-- EXTRACTED RECORDS follows --
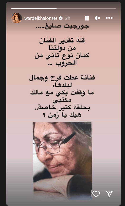 وكتبت ورد الخال في خاصية القصص عبر انستغرام: "جورجيت صايغ.... قلة تقدير الفنان من دولتنا كمان نوع تاني من الحروب... فنانة عطت فرح وجمال لبلدها، ما وقفت بكي مع مالك مكتبي بحلقة كثير خاصة... هيك يا زمن؟".
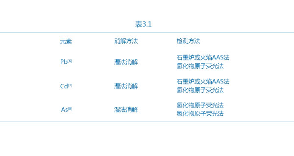 在食品進出口中,重金屬是必檢項目,其消解方法和檢測方法見表3.1。
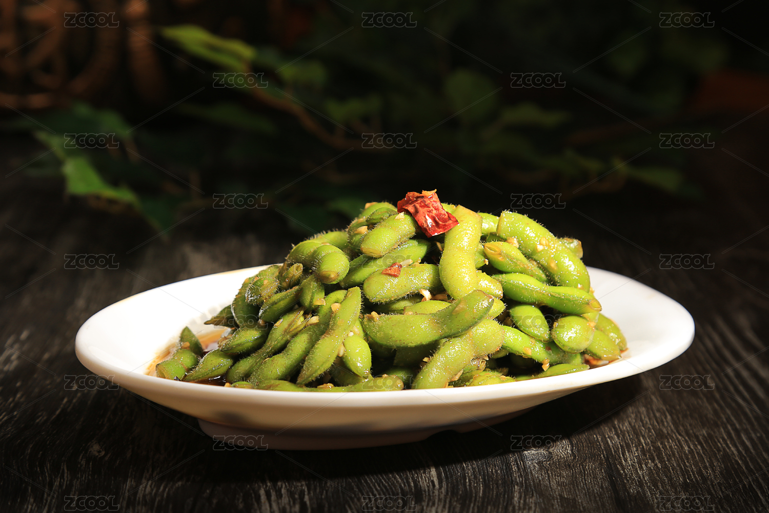 深色木板上一个白色瓷盘里的凉拌毛豆
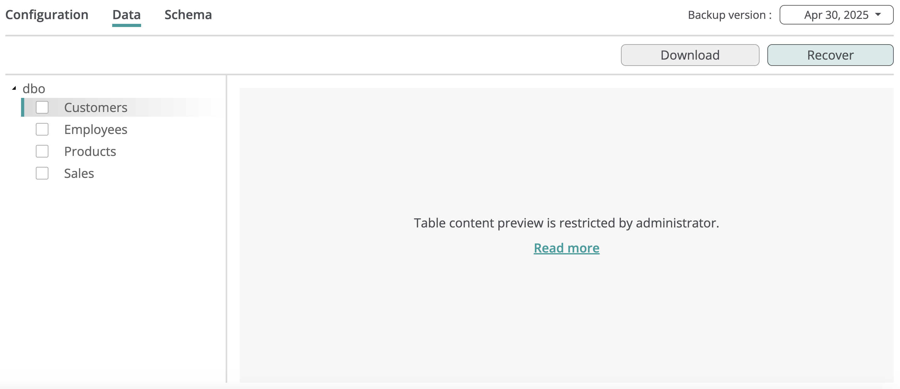 - Click Recover in the database backup browse view to open the recovery dialog.
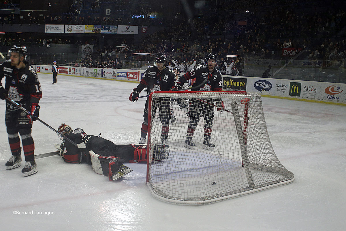 La première rencontre contre les Ducs d’Angers a été un véritable calvaire pour les Boxers qui ont encaissé six buts dans cette première rencontre de quart de finale avec une première période à deux buts, puis une seconde à un but laissant pointer un espoir de redressement et finalement une troisième avec trois buts supplémentaires encaissés alors que le public s’attendait à mieux. Le lendemain, soit Angers en avait garder sous la pédale, soit les Boxers avaient élevé leur niveau de jeu ce qui a donné une partie beaucoup plus équilibrée, seulement lâchée en prolongation. Il y avait quand même près de trois mille spectateurs pour soutenir les Boxers ce soir là pour ce second match. Dommage, une égalité en fin de ces deux premières rencontres auraient laisser un meilleur espoir pour la suite et maintenant déplacement à Angers pour les trois prochains matchs en espérant qu’il y en aura trois car dès qu’Angers a gagné quatre match il franchit l’étape des quarts de finale.
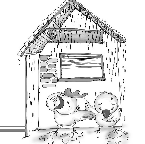6.(小公鸡和小母鸡浑身都是泥,很狼狈地站在屋檐下)
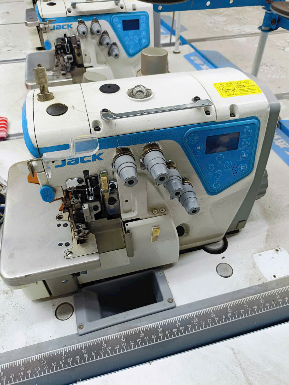 (Chèn ảnh minh họa: Máy vắt sổ điện tử cũ Jack C3, C4 đang hoạt động ổn định trong xưởng may)
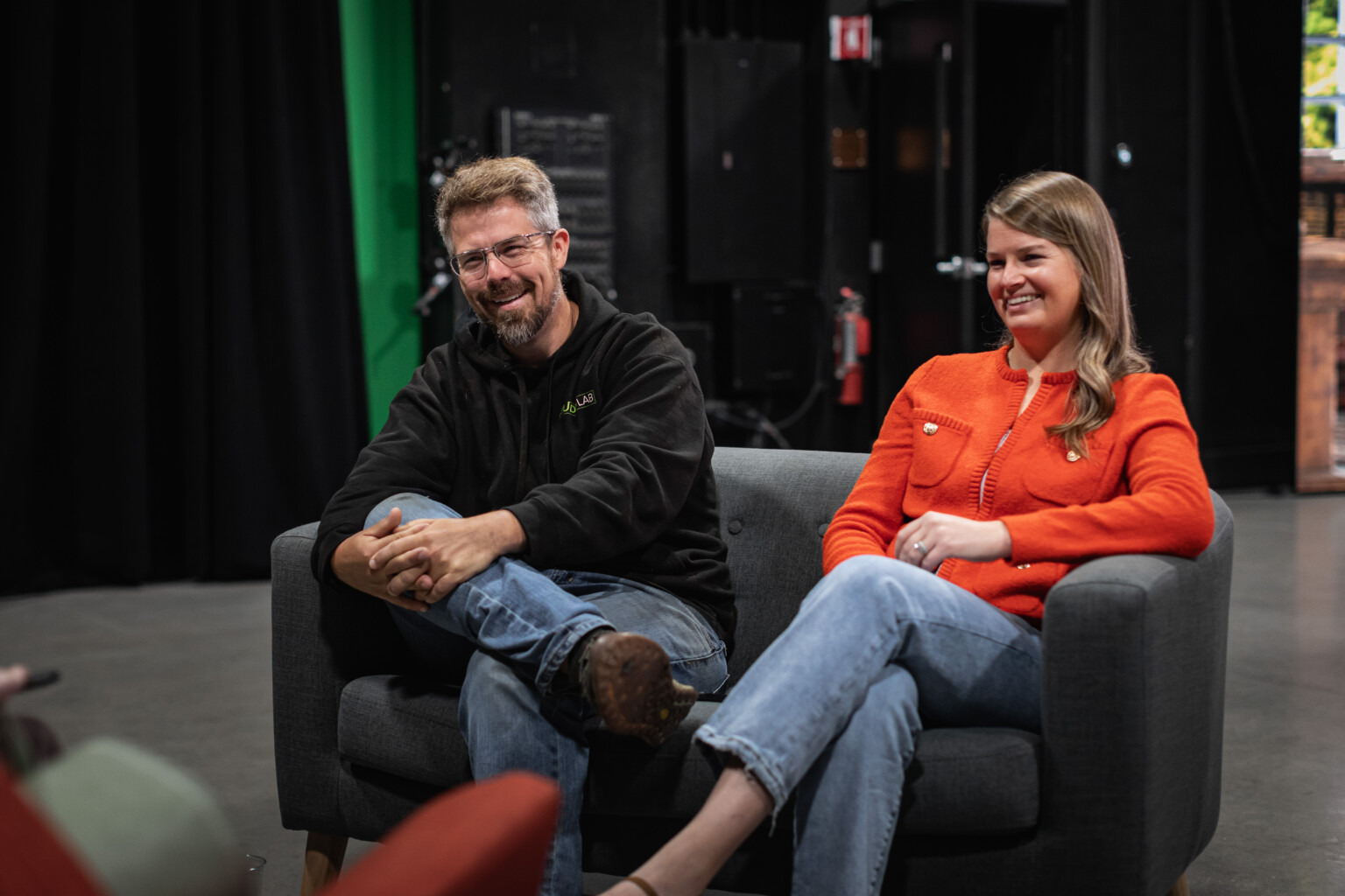 Tim Messina, left, and Carolyn Leary, right, speak with NH Business Review at Studio Lab last month, discussing their work to bring more film production to New Hampshire through a proposed common interest group. (Courtesy Pat Dunn/Studio Lab)
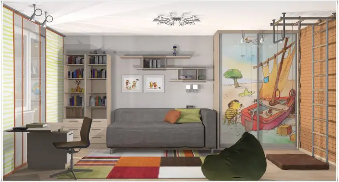 儿童房。在具有这种布局的公寓中,儿童房空间宽敞,足以布置完整的睡眠、工作和游戏区域。
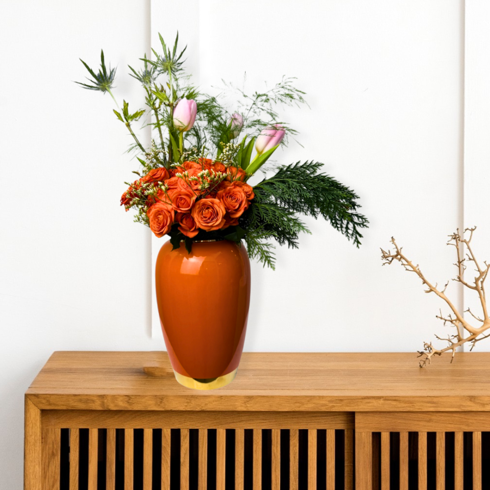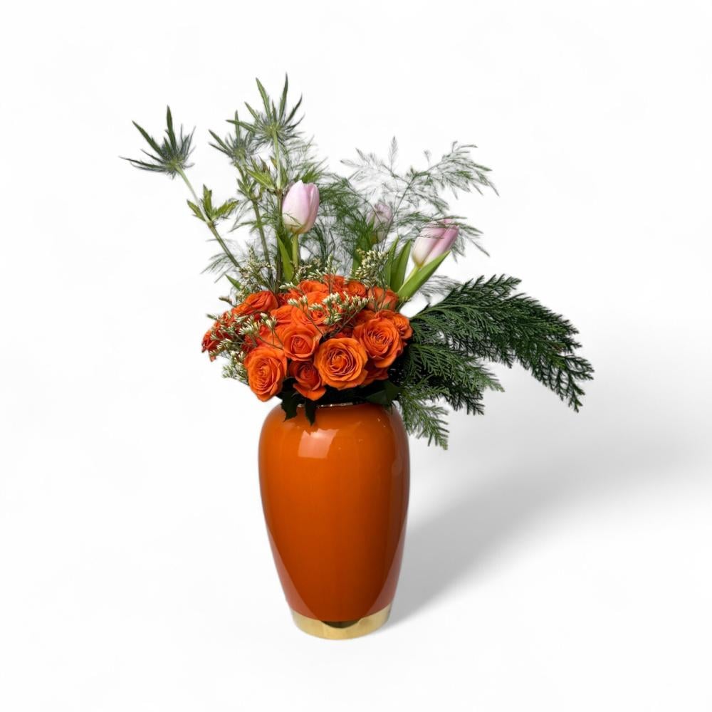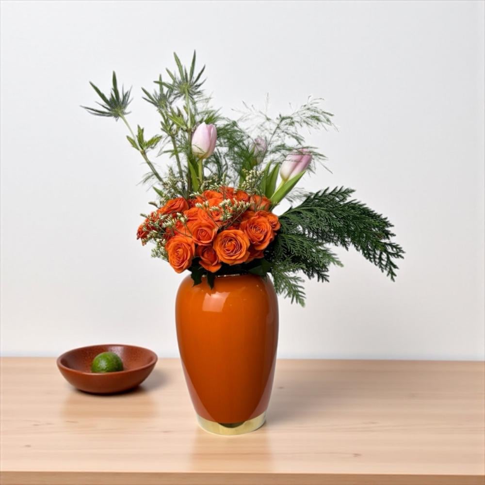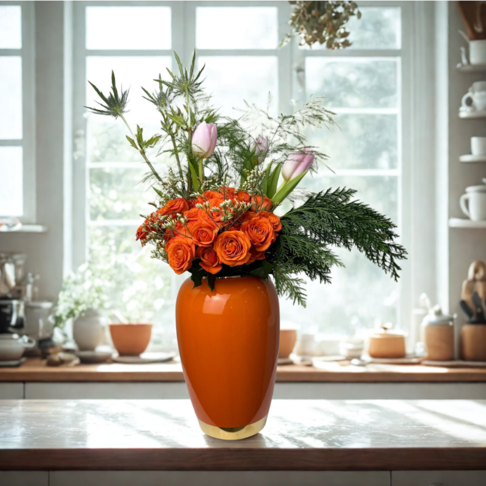 Add a touch of joy and vibrancy with the Baby Orange Vase from Lily, Roses & Cakes. This elegant ceramic vase comes in a perfect medium size and features fresh roses in vibrant orange hues, making it an ideal gift for special occasions or to add a warm touch to your home. Combine elegance and high quality with the Baby Orange Vase, and enjoy fast delivery so your gift arrives in perfect condition.
-- EXTRACTED RECORDS concluded --
PROMPT ▸ Reproduce the lines from the line containing "儿童房。在具有这种布局的公寓" through the end of the records above, exactly and inclusively, omitting pictures.

ANSWER TO THE PROBLEM ▸
 儿童房。在具有这种布局的公寓中,儿童房空间宽敞,足以布置完整的睡眠、工作和游戏区域。
 Add a touch of joy and vibrancy with the Baby Orange Vase from Lily, Roses & Cakes. This elegant ceramic vase comes in a perfect medium size and features fresh roses in vibrant orange hues, making it an ideal gift for special occasions or to add a warm touch to your home. Combine elegance and high quality with the Baby Orange Vase, and enjoy fast delivery so your gift arrives in perfect condition.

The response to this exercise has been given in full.